Wondered what the fuss is about physical modeling? This
synthesis technique surfaced years ago, but you're going to be seeing a
lot more of it thanks to faster CPUs. Here's a snapshot explanation of
what it is and how it came to be.

Why you need it:

A violin is not a sine wave: Traditional analog synthesis builds
sounds out of simple waveforms. That's great — except real-world sound
is much more complex — as you've no doubt noticed if, for instance,
you've heard a kid trying to learn violin. Online math magazine +plus
(named for addition, the one kind of math I can actually do!) has a
great explanation of why a violin is so hard to play. Weirdly, violin string move in v-shapes, not parabolas.

Thank Hermann: Super-renaissance man (physicist AND physician) Hermann von Helmholtz
figured that out along with various other secrets of timbre in his FREE
time — you know, when he wasn't busy working out the law of
conservation of energy in physics, inventing the opthamaloscope, or
solving the mysteries of human sight. (All that despite having a P.E.
teacher for a dad — okay, gymnasium headmaster, but still!)

That was 1863, though. It took a bit longer to apply our understanding of how instruments work directly to synthesis:

How it evolved:

Moving to currently-alive super-smart-people, we have modern
physical modeling work. This describes a set of related models for how
instruments work, from what happens to a surface when you blow on it
(flute) to what happens when you bow it (violin).

Stanford CCRMA: Stanford University deserves much of the credit for the original research into physical modeling,
which they've detailed in a (somewhat-outdated) page with online and
paper bibliography. Some of their work on NeXT workstations morphed
into Windows/Mac software for the Korg OASYS (see below). The NeXT
software lives on as MusicKit, which is OS X-, Windows-, and Linux-compatible.

90s commercial research: This history
talks about the modern evolution of physical modeling. Keyboard
Magazine covered Yamaha's new-fangled VL-1 in 1994 (none other than
current editor Ernie Rideout), but the expensive tech (US$5000) didn't
catch on at the time. Ernie's quote at the time, though, still applies
to modern physical-modeled synths: "You'll want to practice,
guaranteed, and not only just to program clever assignments but to see
how far you can take things, where the boundaries are, can you exceed
them, can you push them, and so on. Heck, you'll want to just play the

Korg OASYS: It took Korg quite some time to get the research to work as a product, as Joe Bryan (now with Universal Audio) told Sonikmatter in an interview.
The first PCI-based OASYS appeared in 1993, but in 2002 Joe noted "An
OASys style keyboard is still a dream, although it'll take a serious
commitment to pull it off correctly.
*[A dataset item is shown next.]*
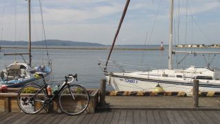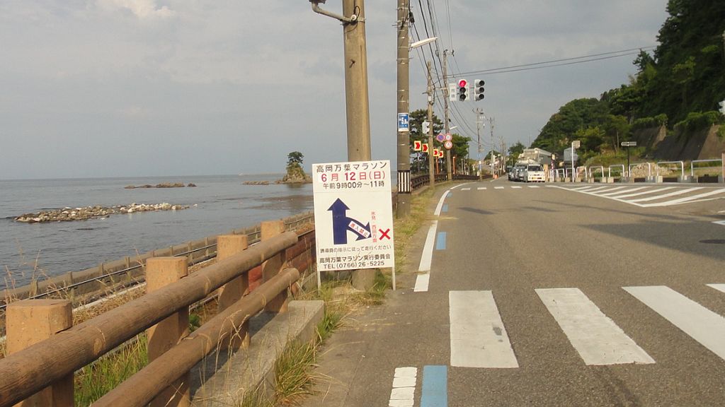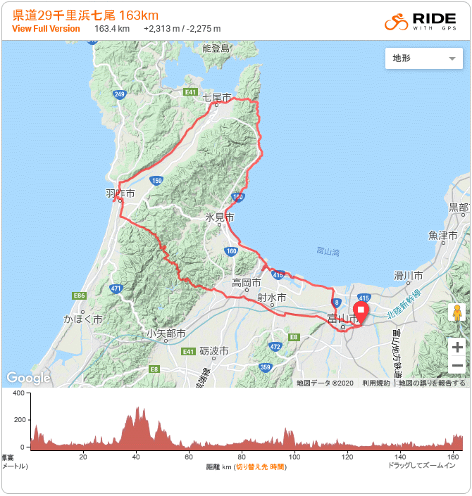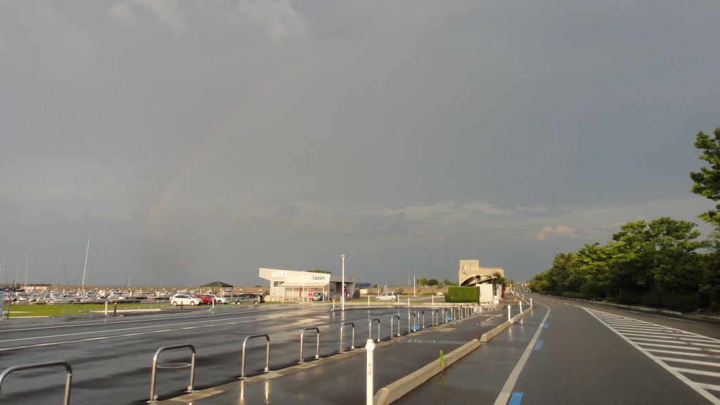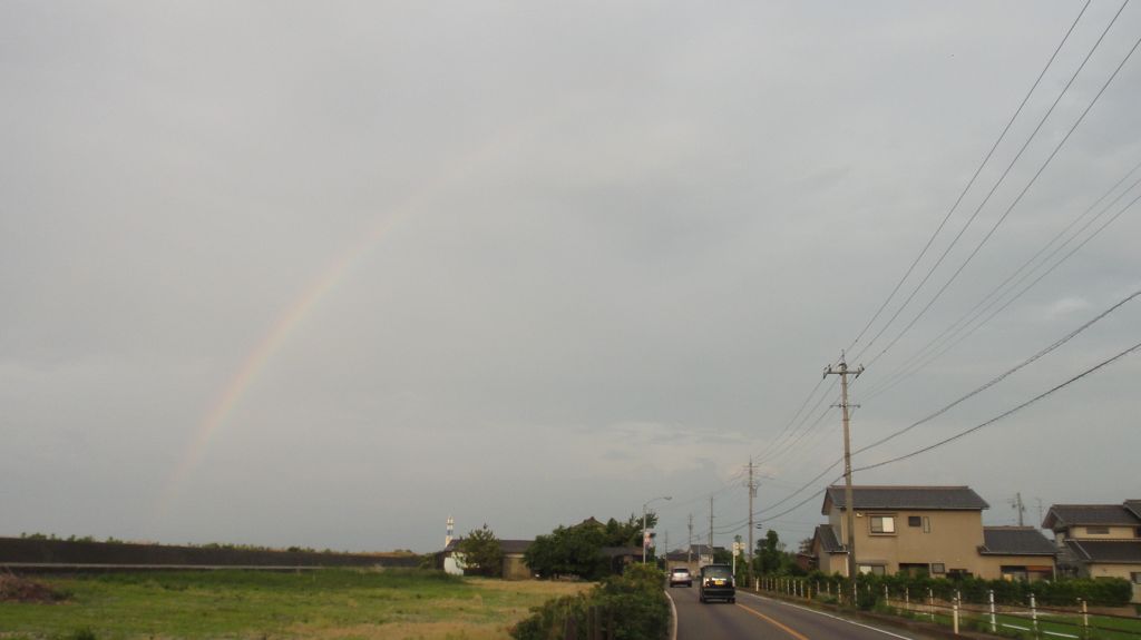 県道29 千里浜七尾 163km (2016.6.11) 2週間ぶりのライド。10時半に出発。年に一度は走りたい県道29へ、この道は三年前の落車のおかげで安全走行の「戒めの道」でもある。西に向かう定番経路で高岡へ、国吉のローソンで最初の休憩。広谷川沿いの県道29に取り付く、上り+向かい風、今年初めてのオニヤンマえらい早い。例年は坂道とロング走で5月半ばには自転車の身体がある程度出来上がっていたが、今年は肩の負傷が長引き走れておらず、案の上ヒルクライムがつらかった。ウグイスとホトトギス大合唱聞きつつも赤毛までの三連発の坂でもう脚に来て県境を越える頃にはもうヘロヘロ。羽咋駅経由で少々遠回りしたが千里浜でイカダンゴ、どこかのクラブのイベントなのか大勢のローディとテントに構えるスタッフ。女性も多いな。視線が何度か絡んだけど一言も交わさず、サークルKに移動し再補給。 猫の目交差点から県道2号、追い風は有り難いが気温高く身体がヒート、我慢我慢で七尾港、極楽トンボ号の前で休憩、最後の711で給水。今日は崎山半島を回る気力体力そして時間もなく峠に取り付く、やはり例年比でギヤ1枚分の体力不足…いやそれとも昨日一昨日で30q近くもジョグったからかな(笑)。富山湾側に出て阿尾まで一気に。県境や民宿夕なぎを過ぎつつ思いは来週の富山湾岸ウルトラマラニック、自転車200qにするかラン30qにするか…天気次第。阿尾ディリー手前に同じジャージ着た集団、RinRinClubインリンクラブ? 氷見からはお尻の痛みとの闘い。パワーも出なくなり、渡船の時間を考える気力もなくなる。新湊に入ると雨!おいおい降水確率0%だった様な。富山方向に黒い雲で心配したが、渡船を降りる頃には雨が上がり虹が出た。新湊から四方までずっと虹を観ながらのライド、尻も筋肉も痛いがご機嫌。19時前に帰着、今期最長距離&最高の疲労。

I wouldn't be surprised if Korg
was busy working on one right now." Funny you should say that, Joe . .
. (see below)

And how it works: Harmony Central has a great 1996 article by Scott Lehmann explaining how physical modeling actually works.

How to get it now:

If you want to try your hand at physical-modeled synths right now,
you suddenly have lots of options, because what once took computers
days to render can finally happen in real time:

Hardware synths: The Alesis Fusion and Korg OASYS
keyboards, both introduced last month at NAMM, each feature the latest
in physical modeling technology alongside analog-style synthesis.

Software: Primitive implementations are available in
MusicKit and even Csound, but if you want something that sounds good,
you're best off with one of these options:

  • Sculpture
    in Logic Pro 7 is right now the best physical modeling implementation
    I've seen. (Not available in Express; Mac only of course!)
  • Ugo's free String Theory synth for Windows VST is a decent implementation, and the price is right!
  • Upcoming String Studio looks to be a bit simpler than Sculpture, taking advantage of physical modeling technology from Tasman. (Windows/Mac)

So get out there and play! Did I miss anything?